We had the grandkids (ages eight and six) for a sleepover this weekend
and they enjoyed a little taste of freedom. They played on the slip n’ slide
until they decided to quit, chose to eat corn dogs and Cheetos over broccoli
and stayed up two hours past their normal bedtime. Our grown-up feelings of freedom
aren’t quite as easy to come by. However, as believers, we are told that
creation will be, “…liberated from its
bondage to decay and brought into the glorious freedom of the children of God.”
(Ro 8:21b NIV)
1 comment:
Gail;
-----I Corinthians 15:22-28 seems to me to be kind of the winding-up-passage regarding sin and the age of disobedience to God. “For as in Adam all die, so also in Christ shall all be made alive. But each in his own order: Christ the first fruits, then at His coming those who belong to Christ. Then comes the end, when He delivers the kingdom to God the Father after destroying every rule and every authority and power. For He must reign until He has put all his enemies under His feet. The last enemy to be destroyed is death. ‘For God has put all things in subjection under His feet.’ But when it says, ‘All things are put in subjection under Him,’ it is plain that He is excepted who put all things under Him. When all things are subjected to Him, then the Son himself will also be subjected to Him who put all things under Him, that God may be everything to every one.”
-----Although we are presently set free from sin, we haven’t been set free from not sinning while we are still in our temporal bodies. We yet have a will of our own, even though we desire that will to more and more fall into accord with our Father’s will, the limitations of thinking and feeling and living within these imperfect bodies still subjects it and our behavior to error. Nor are we set free from the temporal consequences of error. Mistakes we make become causes to further effects which are not as good for anybody as the effects would have been from making no mistake. This is just the way it goes, for now.

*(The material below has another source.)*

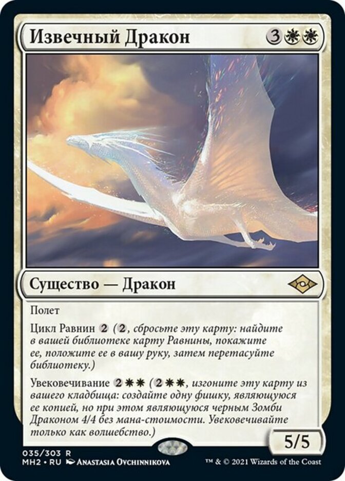 | Rules | Flying Plainscycling (, Discard this card: Search your library for a Plains card, reveal it, put it into your hand, then shuffle.) Eternalize (, Exile this card from your graveyard: Create a token that's a copy of it, except it's a 4/4 black Zombie Dragon with no mana cost. Eternalize only as a sorcery.) |

-----But what we do have right now is desire for that perfection. We long for that Holy City where everything will go right and where there will be not so much as either a mistake nor a consequence caused by one. From this desire we call upon the One in control and are thus set free from the eternal consequences of sin because we desire what He desires - righteousness - and have addressed the desire in accordance to the truth.
-----I wonder, sometimes, if part of the “all things” to be subjected to Him is the thing of any possible erroneousness of desire or will. I wonder if even our will to wander or turn aside from Him in any way is not laid down to Him by His granting our desire to do so, and therefore will be removed from possibility so that He will become all things to everyone forever. And we will then truly have been subjected to freedom by our own choosing.